Malik Dua A, Thomas Teena, Zafar Mansoor, Naqvi Syed Ashhar, Kaur Sukhman, Liaquat Rao Rizwan, Akan Deniz
Medicine, Conquest Hospital, East Sussex Healthcare NHS Trust, St. Leonards-on-Sea, GBR.
Internal Medicine, Conquest Hospital, East Sussex Healthcare NHS Trust, St. Leonards-on-Sea, GBR.
Cureus. 2023 Aug 28;15(8):e44270. doi: 10.7759/cureus.44270. eCollection 2023 Aug.
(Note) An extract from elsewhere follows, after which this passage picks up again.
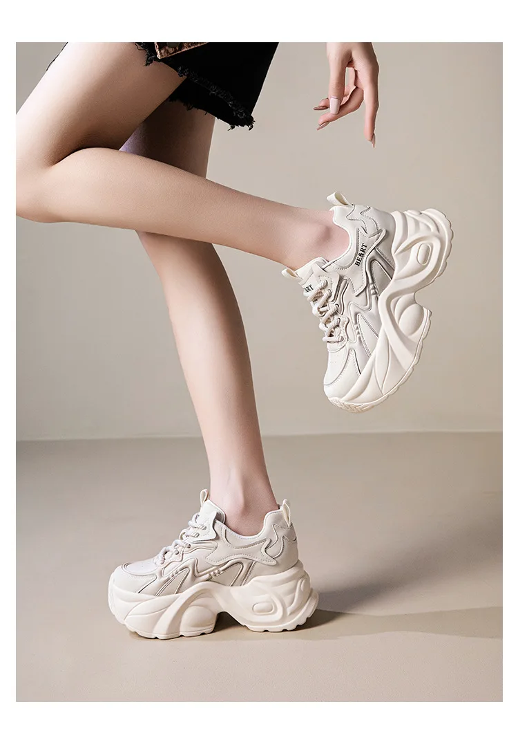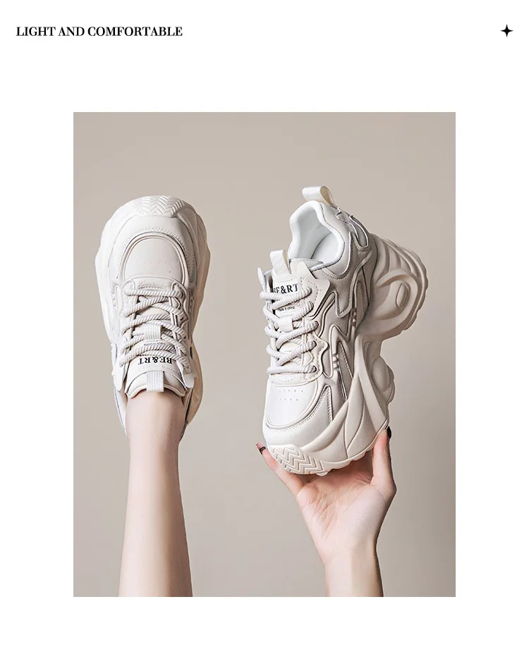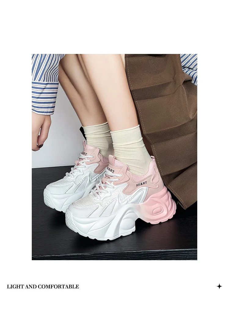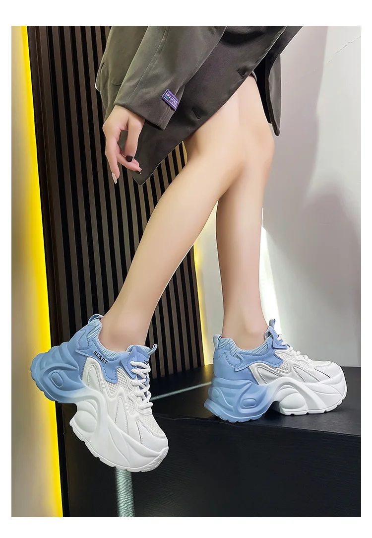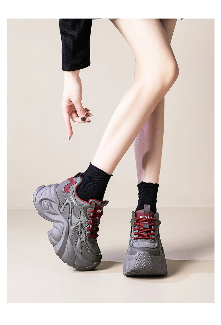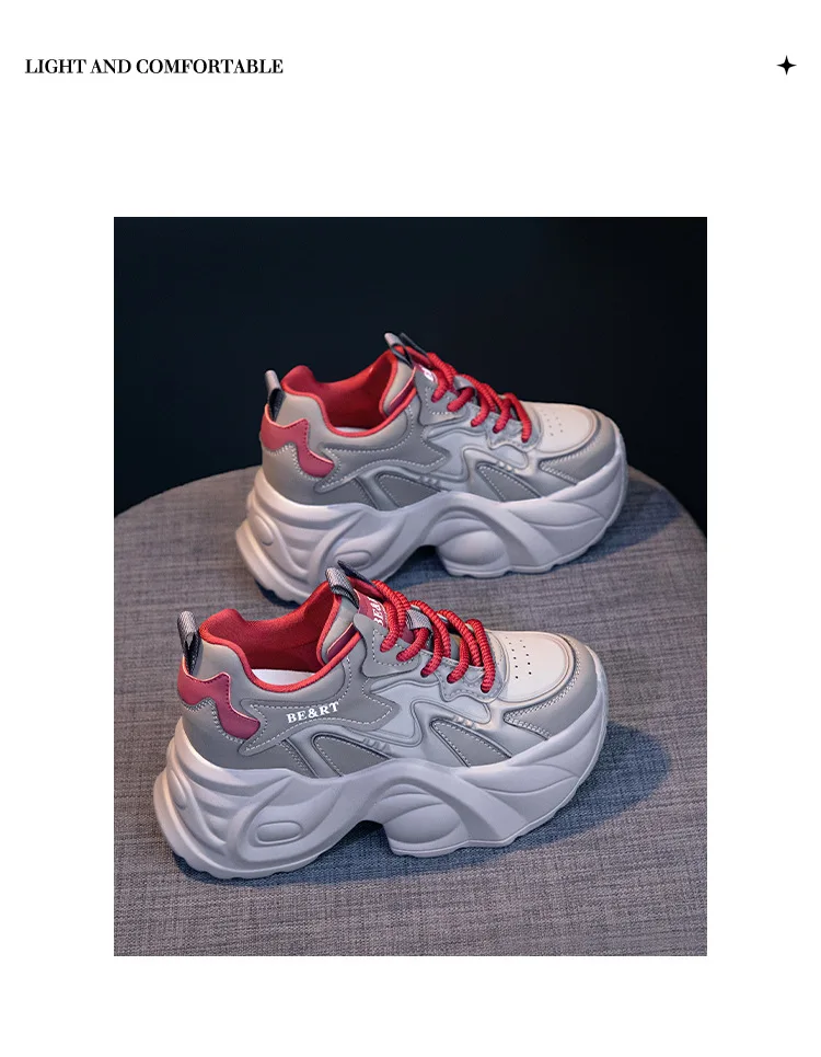Upgrade your shoe game with the Fujin 8cm Air Mesh Genuine Leather Vulcanize Vulcanize High Brand Sneakers. The chunky platform provides both style and comfort, while the genuine leather material guarantees durability. Perfect for all seasons, these sneakers will elevate any outfit.

Chronic mesenteric ischemia (CMI) is uncommon and accounts for approximately 5% of cases. CMI presents with non-specific symptoms, making it difficult to diagnose, and requires complex management involving interprofessional teams. We present the case of a 66-year-old female who presented with postprandial abdominal pain, vomiting, sitophobia, and weight loss. Investigations showed raised inflammatory markers, and plain film X-ray and endoscopy showed no significant findings. CT angiogram showed celiac and mesenteric artery thrombosis. The patient proceeded to have endovascular revascularization. With this case, we highlight the importance of considering CMI in an elderly patient with a history of microvascular disease or risk factors presenting with postprandial abdominal pain and weight loss. Early diagnosis and timely intervention are imperative for a good prognosis.
慢性肠系膜缺血(CMI)并不常见,约占病例的5%。CMI表现为非特异性症状,难以诊断,需要多专业团队进行复杂的管理。我们报告了一例66岁女性患者,她出现餐后腹痛、呕吐、恐食症和体重减轻。检查显示炎症标志物升高,平片X线和内镜检查未发现明显异常。CT血管造影显示腹腔干和肠系膜动脉血栓形成。该患者接受了血管内血运重建术。通过这个病例,我们强调了对于有微血管疾病史或危险因素且出现餐后腹痛和体重减轻的老年患者,考虑CMI的重要性。早期诊断和及时干预对于良好的预后至关重要。